Logo Musée du Patrimoine

Alle Französisches Erbe klassifiziert nach Regionen, Abteilungen und Städten

Lyon Arbeitsvermittlung à Lyon 3ème dans le Rhône

Patrimoine classé
Palais
Bourse du travail
Rhône

Lyon Arbeitsvermittlung

    Place Guichard
    69003 Lyon 3e Arrondissement
Bourse du travail de Lyon
Bourse du travail de Lyon
Bourse du travail de Lyon
Bourse du travail de Lyon
Bourse du travail de Lyon
Bourse du travail de Lyon
Bourse du travail de Lyon
Bourse du travail de Lyon
Bourse du travail de Lyon
Bourse du travail de Lyon
Bourse du travail de Lyon
Bourse du travail de Lyon
Bourse du travail de Lyon
Bourse du travail de Lyon
Bourse du travail de Lyon
Bourse du travail de Lyon
Bourse du travail de Lyon
Bourse du travail de Lyon
Bourse du travail de Lyon
Bourse du travail de Lyon
Crédit photo : Nouill - Sous licence Creative Commons

Timeline

XIXe siècle
Époque contemporaine
1900
2000
1929
Projektdesign
1934
Gebäudeöffnung
1935
Offizielle Eröffnung
1936-1968
Alter der sozialen Kämpfe
1966
Änderung der Zuordnung
2 novembre 1989
Teilklassifikation
Aujourd'hui
Aujourd'hui

Kulturgüter

Dachs; Fassaden mit ihrem Dekor; das Atrium und seine Einrichtung (cad. AO 18): Auftragseingang vom 2. November 1989

Kennzahlen

Charles Meysson - Chefarchitekt Baudesigner und Mosaikfigur.
Édouard Herriot - Bürgermeister von Lyon Zur Verfügung gestellt von *L.
Fernand Fargeot - Maler-Mosaiker Autor des Mosaiks *Die schöne Stadt*.
Albert Thomas - Gewerkschaftsfigur Der Name des Hauptzimmers.
Louis Pradel - Bürgermeister von Lyon (1957-1976) Die Nutzung der Website im Jahr 1966 geändert.

Ursprung und Geschichte

Die Bourse du travail de Lyon, die 1929 vom Architekten Charles Meysson entworfen wurde, war zunächst ein großer Platz für den revolutionären und gewerkschaftlichen Aktivismus in Lyon. 1935 eingeweiht nach politischen Spannungen (Mayor Édouard Herriot weigerte sich, das Lied von International zu singen), beherbergte es die Albert Thomas Hall, gewidmet Arbeiterversammlungen und sozialen Kämpfen von 1936 bis 1968. Seine Architektur, die von Fernand Fargeot, Herriot und Meysson, mit einem Mosaik geschmückt wurde, symbolisiert die Allianz zwischen kommunaler Macht und Arbeiterbewegung.
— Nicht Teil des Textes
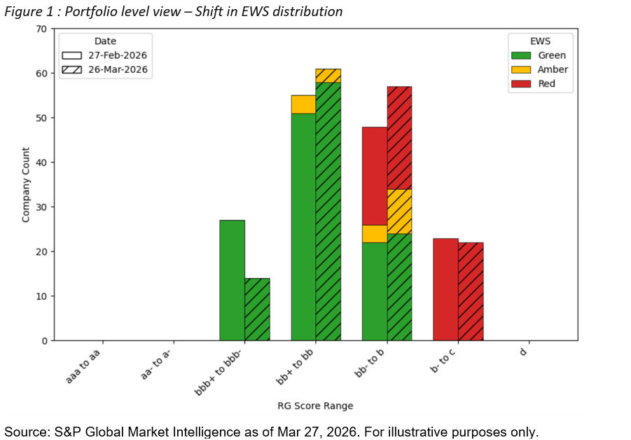Figure 1 illustrates the impact of the ongoing conflict in the Middle East on publicly listed companies in South Africa. It compares the distribution of companies across RG score buckets and corresponding EWS signals at two points in time, prior to the conflict and at the end of the fourth week. A clear shift is observed, with a significant drop in the count of companies with a credit score better than bbb- and a migration into higher risk categories, particularly within the “bb- to b” bucket.

Ursprünglich diente das Gebäude als Hauptsitz für Gewerkschaften (CGT, CFDT, FSU), mit 55 Dauerräumen, Tagungsräumen und einer Berufung der Volksbildung über Theater. 1966 änderte Bürgermeister Louis Pradel seinen Einsatz und befürwortete Performances (Konzerte, Ein-Mann-Shows) und unter Beibehaltung eines Präemptionsrechts für Gewerkschaftstreffen. Die Halle, mit einer Kapazität von 1920 Sitzen, wurde ein Hybrid-Platz, Mischen Unterhaltung und soziale Erinnerung.
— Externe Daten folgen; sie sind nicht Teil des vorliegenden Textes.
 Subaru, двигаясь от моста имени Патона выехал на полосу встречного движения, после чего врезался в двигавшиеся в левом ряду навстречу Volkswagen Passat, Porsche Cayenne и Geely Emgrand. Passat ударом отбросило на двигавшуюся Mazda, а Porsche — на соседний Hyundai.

Teilweise als historische Denkmäler 1989 für seine Fassaden, Dächer und dekorierten Vorhof eingestuft, verkörpert der Bourse du Travail das Erbe der Lyoner Arbeitskämpfe. Seine Innendekoration, die 1936 von lokalen Künstlern hergestellt wurde, umfasst Fresken im sozialistischen Realismus-Stil, die jetzt teilweise durch Renovierungen verändert wurden (wie die Entfernung des Deckenlichts im Jahre 1971). Der Standort wird von der Stadt und den Gewerkschaften gemeinsam verwaltet, um seine doppelte kulturelle und militante Rolle zu erfüllen.
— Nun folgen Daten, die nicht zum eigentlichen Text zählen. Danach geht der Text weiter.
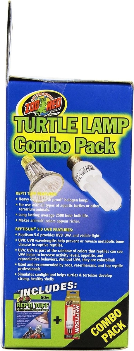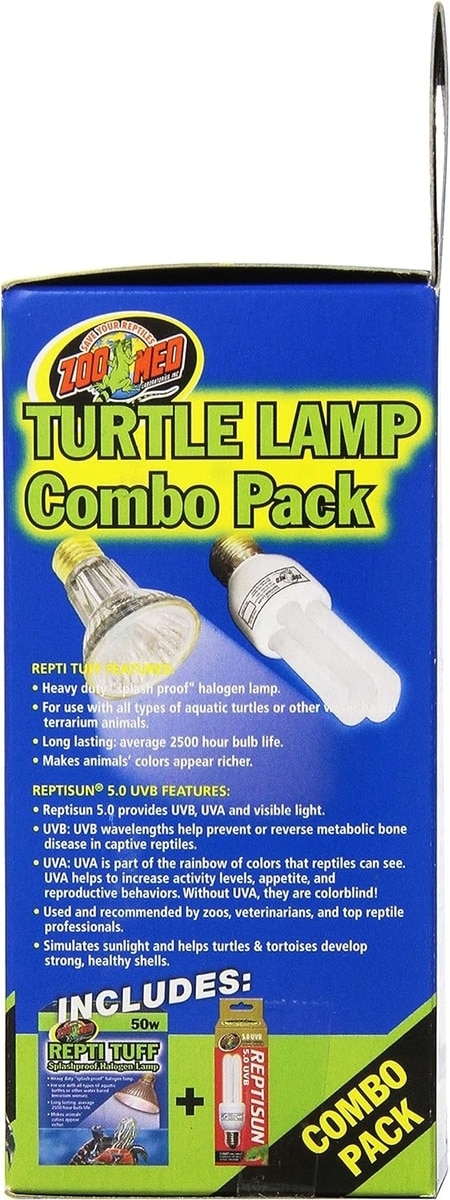 Light up your terrific turtle’s life with the Turtle Lamp Combo Pack from Zoo Med! This convenient lamp bundle is perfect for both new and existing turtle terrariums, helping satisfy the essential heat, UVA and UVB needs of your favorite shelled sidekick. Including both the Repti Tuff Splashproof Halogen Lamp and ReptiSun 5.0 UVB Compact Fluorescent Lamp, this bundle provides both a basking site and full-spectrum output.

Der Außenmosaik, der 1934 von 35 Kunsthandwerkern installiert wurde, zeigt die Stadt, die von der Arbeit verschönert wurde und den ursprünglichen Ehrgeiz des Projekts widerspiegelt: einen Raum zu schaffen, der sowohl utilitaristisch als auch symbolisch für die Arbeiter ist. Die Archive des Standortes verfolgen die wichtigsten Streiks (metallos 1938, traminots in 1958, Beamten in 1953), während seine Adresse, 205 rue de Créqui, macht es zu einem großen geographischen und historischen Wahrzeichen der 3. Arrondissement.